--- Raw data ---
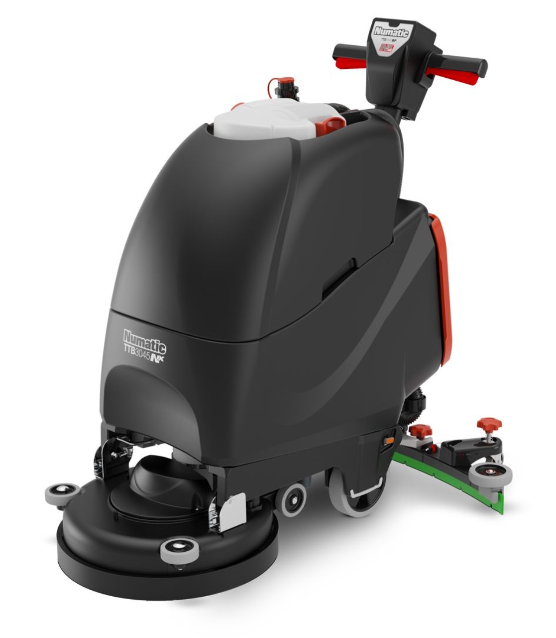 Scheuersaugmaschine Numatic. Optimal für kleine bis mittlere Flächen. Einfacher Bürsten- und Treibtellerwechsel. Rote Bedienelemente zur einfachen Handhabung und Pflege.
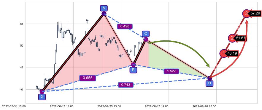 | 6 🅚:【旱地拔葱】买入点 ➕ 📡:谐波赛福已到达d点:猜想c下行到达d点后报复性拉升上涨(均值回复) ☞ 看多信号 ⇥ 【均线】交织【图形】⇥ 综合量化分数: 61 | > |
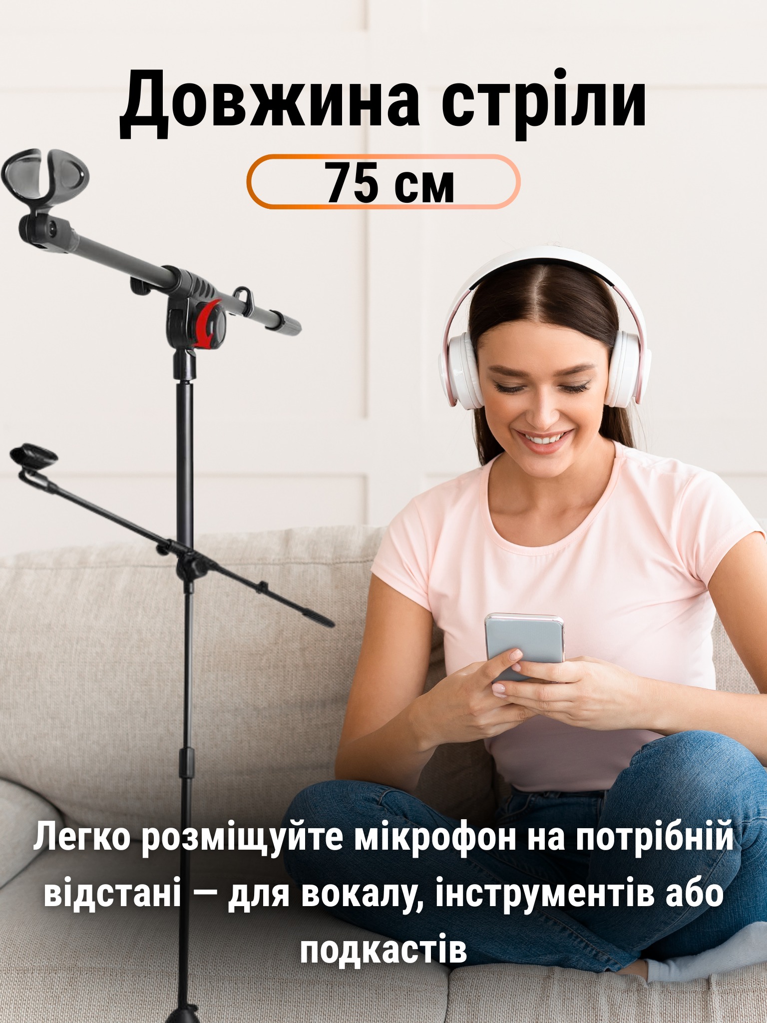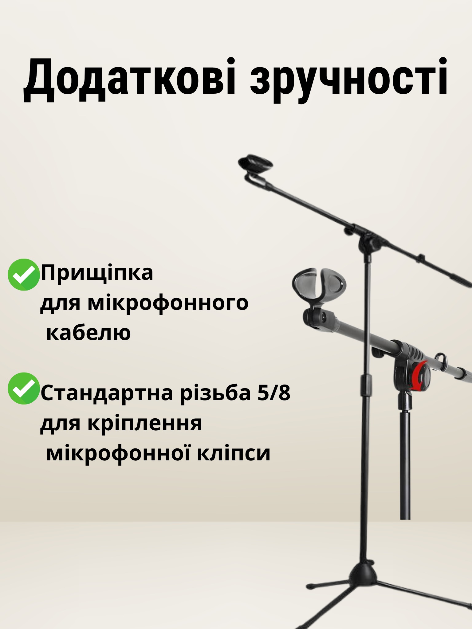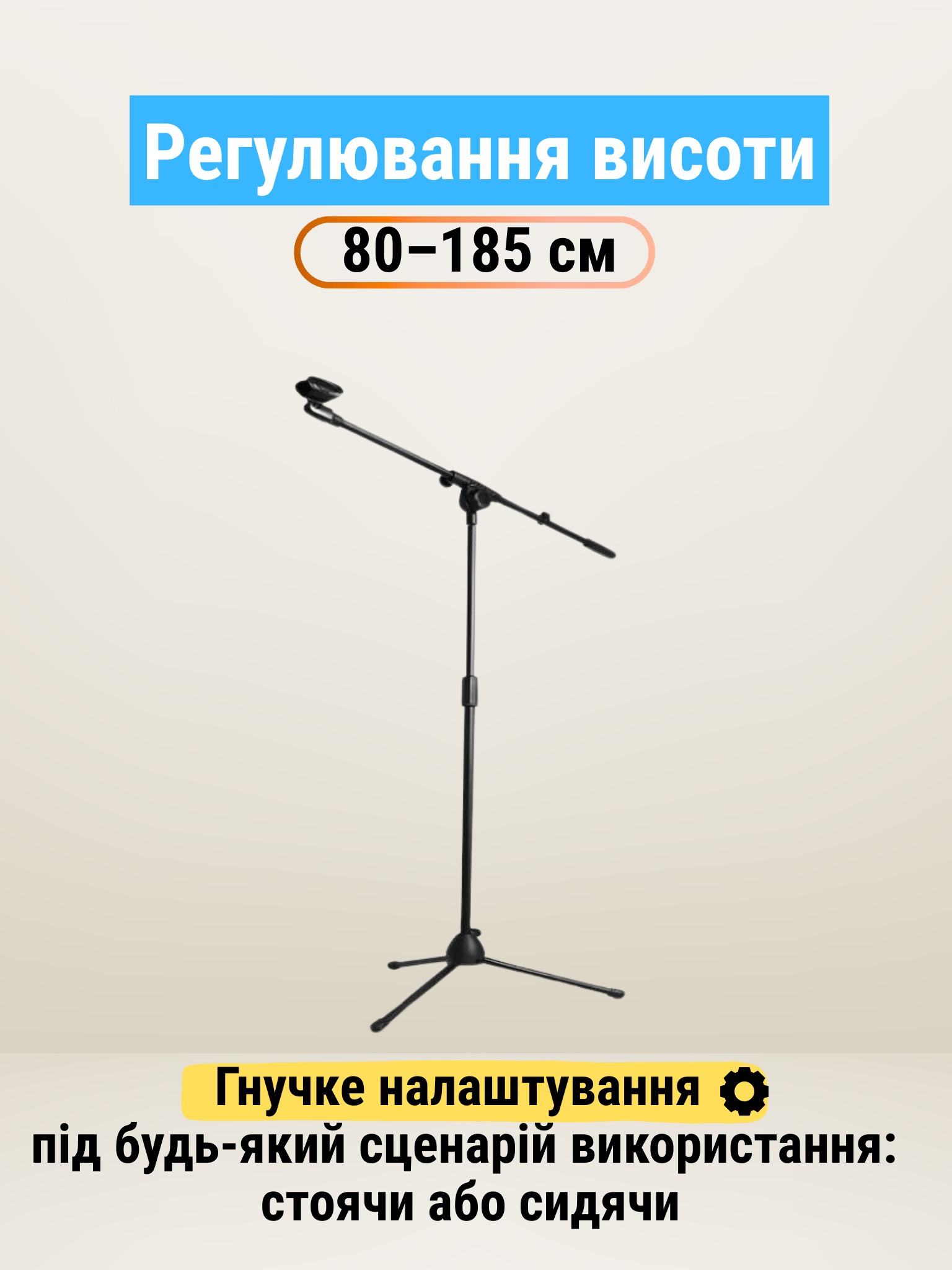 Надійна та зручна мікрофонна стійка типу "Журавель" ідеально підходить для концертів, студійного запису, конференцій та домашнього використання. Завдяки регулюванню висоти та нахилу, ви зможете легко налаштувати положення мікрофона для максимально комфортної роботи.
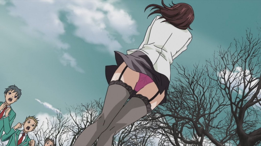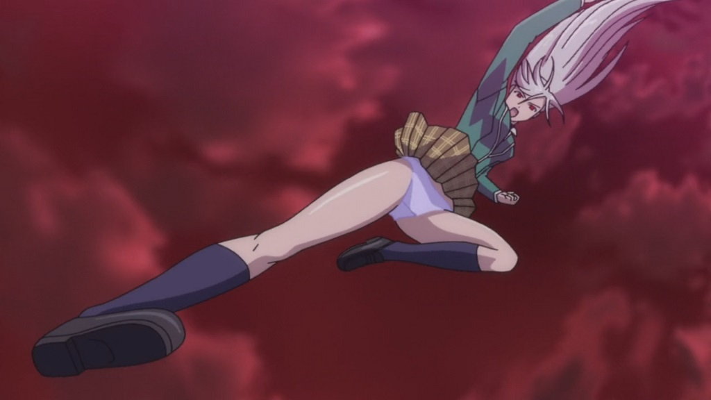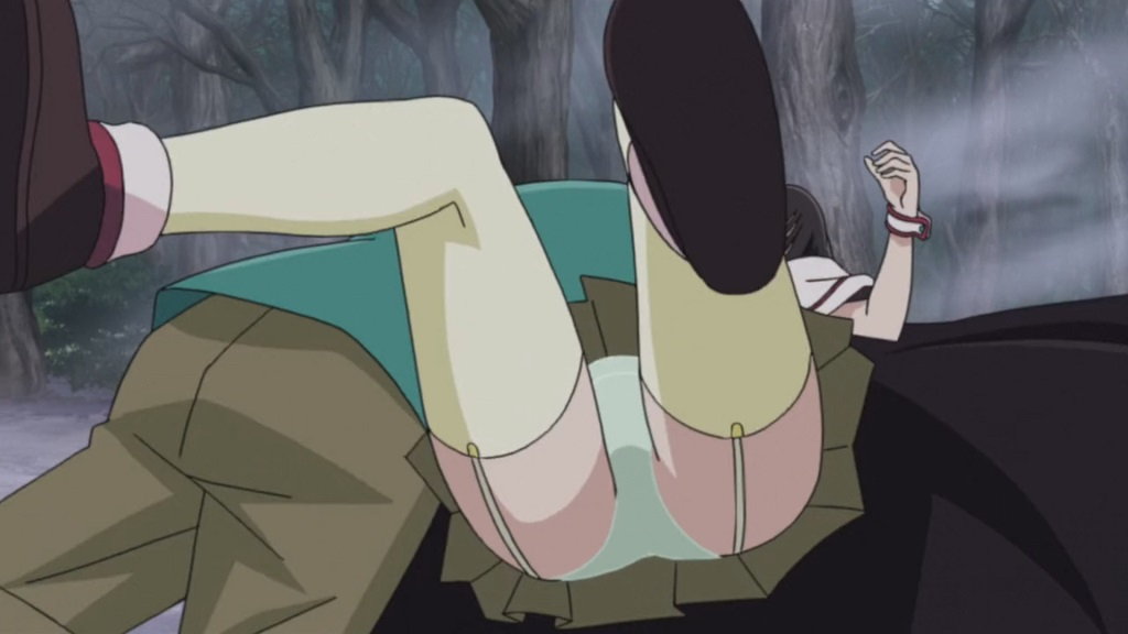 月音を救出に来たみぞれ。天井から飛び降り、パンツ丸見え。

--- Exercise brief ---
Restate the material word for word from its first line through the line containing "综合量化分数: 61 | > |", both included; the pictures do not belong in it.

--- Written solution ---
 Scheuersaugmaschine Numatic. Optimal für kleine bis mittlere Flächen. Einfacher Bürsten- und Treibtellerwechsel. Rote Bedienelemente zur einfachen Handhabung und Pflege.
 | 6 🅚:【旱地拔葱】买入点 ➕ 📡:谐波赛福已到达d点:猜想c下行到达d点后报复性拉升上涨(均值回复) ☞ 看多信号 ⇥ 【均线】交织【图形】⇥ 综合量化分数: 61 | > |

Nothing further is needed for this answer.